How to learn Text And Date Transformations for Data Transformations in ETL Developer for free

Why this matters

ETL Developers constantly clean messy text and normalize dates so data can be joined, aggregated, and trusted. Common on-the-job tasks include:

Standardizing names, emails, phone numbers, and free-text fields before loading into a warehouse.
Parsing dates in many formats (e.g., 03/10/1979 vs 1979-10-03), converting time zones, and aligning to day/week/month.
Building calendar dimensions and timestamp fields for accurate reporting and downstream modeling.

Who this is for

Aspiring and junior ETL Developers who work with CSVs, logs, or API payloads.
Analysts and data engineers who need reliable text/date cleaning steps in pipelines.

Prerequisites

Basic SQL or a scripting language (e.g., Python) to express transformations.
Familiarity with data types (string, date, timestamp).

Concept explained simply

Text transformations reshape strings: trim spaces, change case, split or join parts, and find/replace patterns. Date transformations turn strings into valid dates/timestamps, shift them (add days or months), convert time zones, and truncate to periods (day/week/month).

Mental model

Think of text and dates as clay. Your job is to mold them into standardized shapes so every downstream step recognizes and combines them correctly. If you always normalize inputs to one clean format, joins and aggregations become predictable and repeatable.

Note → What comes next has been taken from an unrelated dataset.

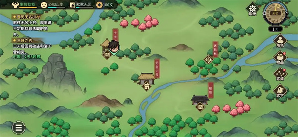 5、充满烟火气息的像素武侠世界。游戏中有着自然流逝的时间,各色NPC都有自己独立的行为AI。

Core operations you will use often

Text: TRIM/strip, UPPER/LOWER/Title Case, SUBSTRING/SPLIT, CONCAT, REPLACE/REGEXP_REPLACE, normalization (remove diacritics), safe casting.
Date/Time: Parsing with explicit format strings, validating with try/strict parsing, DATEADD/ADD_MONTHS, DATEDIFF, DATE_TRUNC, time zone conversion (to/from UTC), handling nulls and invalids.

Safety tips

Always trim before parsing or comparing strings/dates.
Parse using explicit formats; avoid blind casting.
Use time zone–aware functions instead of manual hour offsets (DST can bite!).
Guard with try_parse + fallback formats; capture invalids to a quarantine table/flag.

Worked examples

1) Clean customer names and phones

Goal: Standardize names to Title Case, strip extra spaces, and normalize phones to E.164-like digits with leading +country code when known.

Input
name: "  jOAN  SMITH  "
phone: "(415) 555-0123"

Transform
- Name: trim, collapse multiple spaces, title case
- Phone: remove non-digits, prepend +1 if 10-digit US

Output
name_clean: "Joan Smith"
phone_e164: "+14155550123"

SQL-style sketch

-- Name
INITCAP(REGEXP_REPLACE(TRIM(name), '\\s+', ' ')) AS name_clean

-- Phone (US example; adjust for your country rules)
CASE
  WHEN REGEXP_REPLACE(phone, '[^0-9]', '') ~ '^[0-9]{10}$' THEN '+1' || REGEXP_REPLACE(phone, '[^0-9]', '')
  WHEN REGEXP_REPLACE(phone, '[^0-9]', '') ~ '^1[0-9]{10}$' THEN '+' || REGEXP_REPLACE(phone, '[^0-9]', '')
  ELSE '+' || REGEXP_REPLACE(phone, '[^0-9]', '')
END AS phone_e164

2) Parse messy dates into ISO

Goal: Convert multiple input patterns to ISO date (YYYY-MM-DD), with a safe fallback and invalid flag.

Input date_str examples:
- "03/10/1979" (assume MM/DD/YYYY)
- "10-03-1979" (assume DD-MM-YYYY)
- "1979-03-10" (ISO)

Output
- dob_iso: 1979-03-10
- dob_is_valid: true/false

SQL-style sketch

-- Try multiple formats with fallback
COALESCE(
  TO_DATE(date_str, 'YYYY-MM-DD'),
  TO_DATE(date_str, 'MM/DD/YYYY'),
  TO_DATE(date_str, 'DD-MM-YYYY')
) AS dob_iso,

-- Validity flag
CASE WHEN
  TO_DATE(date_str, 'YYYY-MM-DD') IS NOT NULL OR
  TO_DATE(date_str, 'MM/DD/YYYY') IS NOT NULL OR
  TO_DATE(date_str, 'DD-MM-YYYY') IS NOT NULL
THEN TRUE ELSE FALSE END AS dob_is_valid

3) Convert local timestamp to UTC and truncate to week

Goal: Turn a local timestamp with offset into UTC, then get week start (Monday).

Input
local_ts: "2024-07-01 09:00:00-07:00"

Output
utc_ts:   "2024-07-01 16:00:00+00:00"
week_start_date: 2024-07-01

SQL-style sketch

-- If your engine supports TIMESTAMP WITH TIME ZONE, cast directly; otherwise parse offset explicitly.
-- Convert to UTC (engine-specific):
(local_ts AT TIME ZONE 'UTC') AS utc_ts

-- Week start Monday (common approach):
DATE_TRUNC('week', utc_ts)::DATE AS week_start_date

Note: Exact syntax varies. The key idea is: use time zone–aware conversion, then date_trunc.

Exercises

Do these to solidify the concepts. The quick test below is available to everyone; sign in to save your progress.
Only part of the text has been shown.